Andrew Cooper Aug. 18, 2023, 8:22 p.m. UTC | #1
On 18/08/2023 4:44 pm, Jinoh Kang wrote:
> Xen has a bug where hardware breakpoint exceptions (DR_TRAP<n>) are
> erroneously recognized as single-stepping exceptions (DR_STEP).

I expected this to come back and bite.

https://lore.kernel.org/xen-devel/1528120755-17455-1-git-send-email-andrew.cooper3@citrix.com/

Xen's %dr6 handling is very broken, and then Spectre/Meltdown happened
and some how my bugfixes are now 5 years old and still incomplete.  I've
got a form of this series rebased onto staging, which I'll need to dust off.


That said, I was not aware of this specific case going wrong.  (But I
can't say I'm surprised.)

Thankyou for the test case.  If I'm reading it right, the problem is
that when %dr0 genuinely triggers, we VMExit (to break #DB infinite
loops), and on re-injecting the #DB back to the guest, we blindly set
singlestep?

This is wrong for #DB faults, and you're using an instruction breakpoint
so that matches.

However, it is far more complicated for #DB traps, where hardware leaves
it up to the VMM to merge status bits, and it's different between PV,
VT-x and SVM.

Worse than that, there is an bug on Intel hardware where if a singlestep
is genuinely pending, then data breakpoint information isn't passed to
the VMM on VMExit.  I have yet to persuade Intel to fix this, despite
quite a lot of trying.

Looking at patch 3, I think I can see how it fixes your bug, but I don't
think the logic is correct in all cases.  In particular, look at my
series for the cases where  X86_DR6_DEFAULT is used to flip polarity. 
Notably, PV and SVM have different dr6 polarity to VT-x's pending_dbg field.

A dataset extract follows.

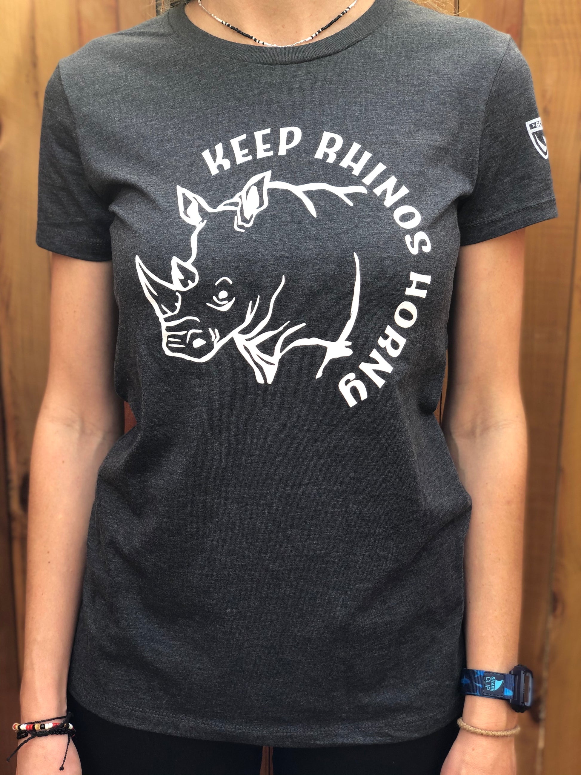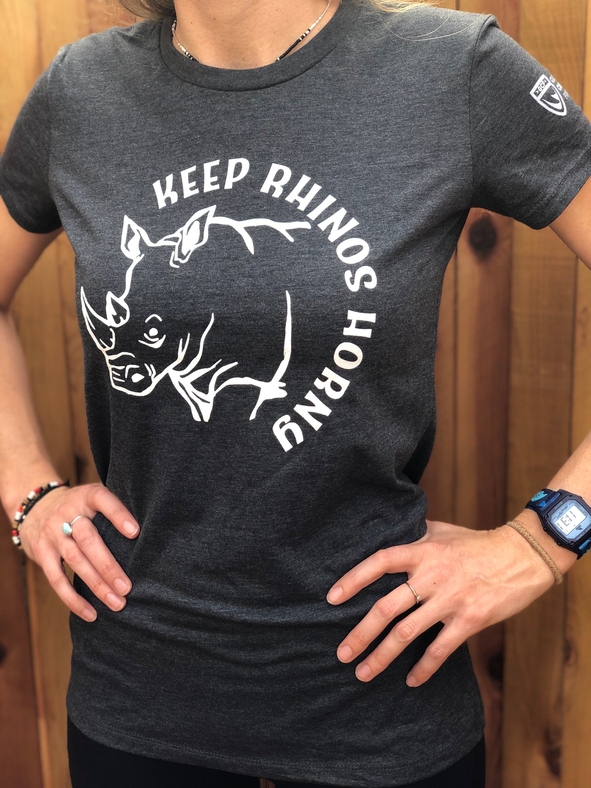 Help Keep Rhinos Horny with the purchase of our women’s shirt. All proceeds support our frontline wildlife protection and conservation efforts. Cotton, polyester, rayon blend, fits true to size.
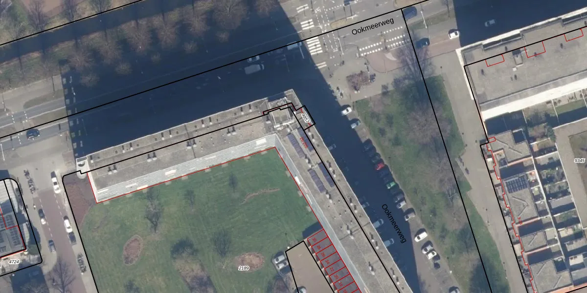 Het perceel waarop Ookmeerweg 121 staat heeft een oppervlakte van 7793 m². Dit is een zeer groot perceel. De perceeloppervlakte wordt geregistreerd door het Kadaster. Gedetailleerde informatie over de maten van dit perceel kunt u vinden in het rapport Kadastrale kaart met maatvoering van Ookmeerweg 121.

Also, on Intel you're supposed to leave pending bits in pending_dbg and
not inject #DB directly, in order for the pipeline to get the exception
priority in the right order.  This I didn't get around to fixing at the
time.


I suspect what we'll need to do is combine parts of your series and
parts of mine.  I never got around to fixing the introspection bugs in
mine (that's a far larger task to do nicely), and yours is more targetted.

~Andrew
Jinoh Kang Aug. 19, 2023, 3 p.m. UTC | #2
On 8/19/23 05:22, Andrew Cooper wrote:
> I suspect what we'll need to do is combine parts of your series and
> parts of mine.  I never got around to fixing the introspection bugs in
> mine (that's a far larger task to do nicely), and yours is more targetted.

Unless I've done something wrong, your debug-fixes-v1 when rebased to master
seems to fix my problem, so I guess your patchset is the superset.